Alright so, this will give us a new matrix whose columns we have to normalize. What we will do is mask the open values, the correlations we didn’t calculate, and make them $-\infty$ , and then apply a softmax, in such a way that the columns always sum to one. Soooo

	Q1	Q2	Q3	Q4	Q5	Q6	Q7
K1	O	.	0	O	.	0	.
K2	$-\infty$	O	.	0	0	.	0
K3	$-\infty$	$-\infty$	O	.	0	O	.
K4	$-\infty$	$-\infty$	$-\infty$	0	.	0	.
K5	$-\infty$	$-\infty$	$-\infty$	$-\infty$	.	0
K6	$-\infty$	$-\infty$	$-\infty$	$-\infty$	$-\infty$	.	0
K7	$-\infty$	$-\infty$	$-\infty$	$-\infty$	$-\infty$	$-\infty$	.

And then softmax. Also, it’s numerically convenient to divide everything by $\sqrt{d_K}$ (the square root of the dimension of $K$ ). Sooo we’re now here:

\text{softmax}\left(\frac{Q \cdot K}{\sqrt{d_K}}\right)

YUHHHH

Now, we have the contextual embedding, but how do we know how to change the embedding? We can’t simply sum this up. SOOOO enter the value matrix. Just like what we did to calculate $Q$ and $K$ , we define $V:=W_V· E$ . Cool, and this will give us what $\Delta E$ should be. Again, $W_V$ are trainable parameters. So, this gives us one head of attention.
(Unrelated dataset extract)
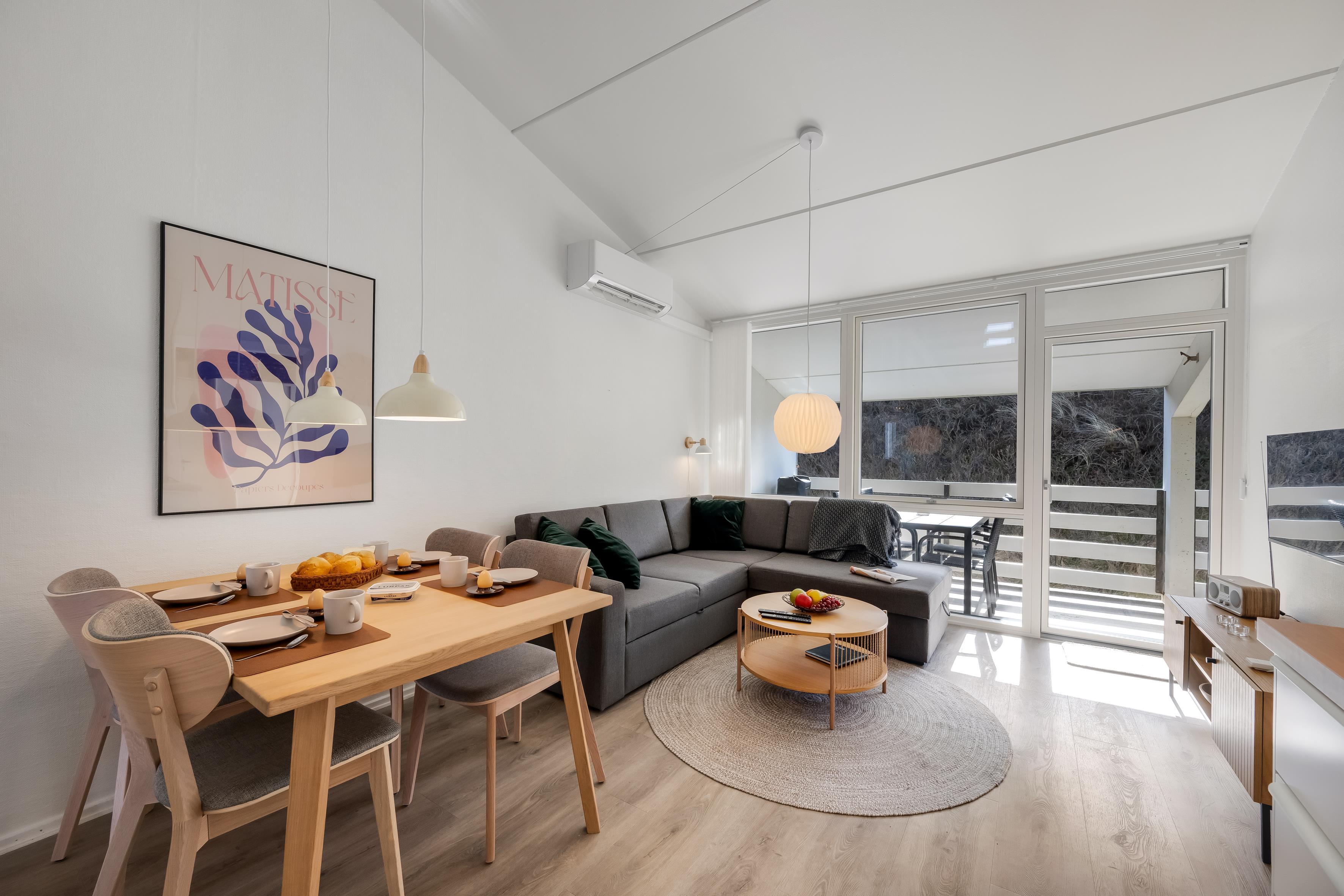 Den store balkon er et fantastisk sted at tilbringe tid sammen, uanset vejret. Her kan du nyde morgenkaffen eller en god bog i fred og ro. Du kan også tænde husets elgrill, så du kan tilberede aftensmaden i det fri. Boligen er også udstyret med en barneseng og barnestol, hvilket gør det til et perfekt valg for børnefamilier. Husdyr er tilladt, så du kan tage din firbenede ven med på ferie!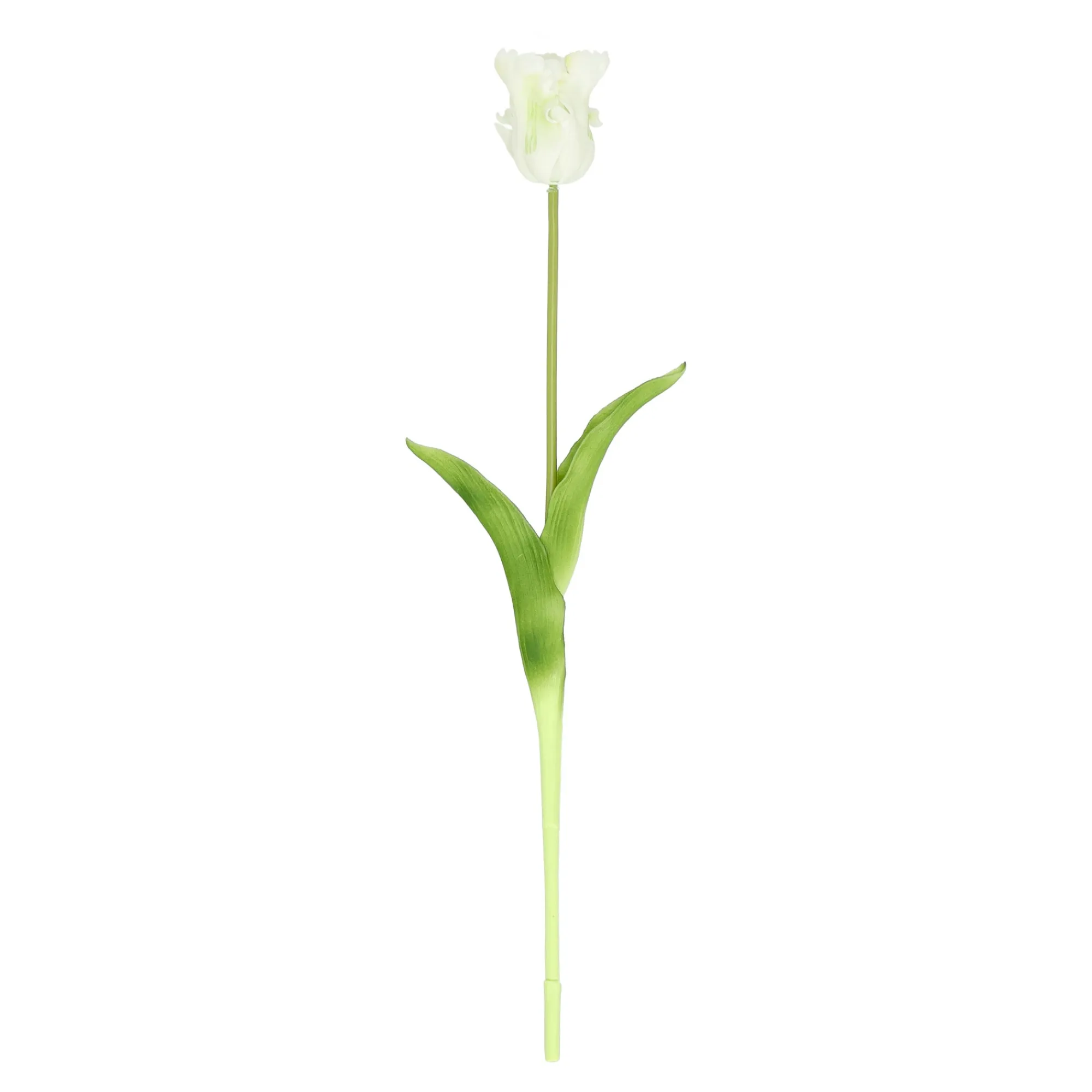 Kunsttulp met een real-touch afwerking in elegant wit. De bloem voelt zacht en natuurlijk aan en heeft een realistische vorm en bladstructuur. Met een lengte van 62 cm is deze tulp perfect om los in een vaas te plaatsen of te combineren met andere kleuren voor een stijlvol boeket.

\text{Attention}(Q,K,V)=E+\Delta E = E +\text{softmax}\left(\frac{Q\cdot K^T}{\sqrt{d_k}}\right)V

YUHHHH

So, what is multi-head attention? It’s just doing this step multiples times on parallel, and summing all $\Delta E$ . So, a layer of 10 heads would have 10 $W_Q$ , 10 $W_K$ , and 10 $W_V$ . And for all those we would do

MHA(Q,K,V)=E+\sum_{i=1}^n \text{softmax}\left(\frac{Q_i\cdot K_i^T}{\sqrt{d_k}}\right)V_i

Where $Q,K,$ and $V$ would be tensors rather than only matrices. And this is only for one embedding, we apply $MHA$ to all embeddings. But lucky for us, the weight matrices are for all the embeddings, not one weight matrix per embedding.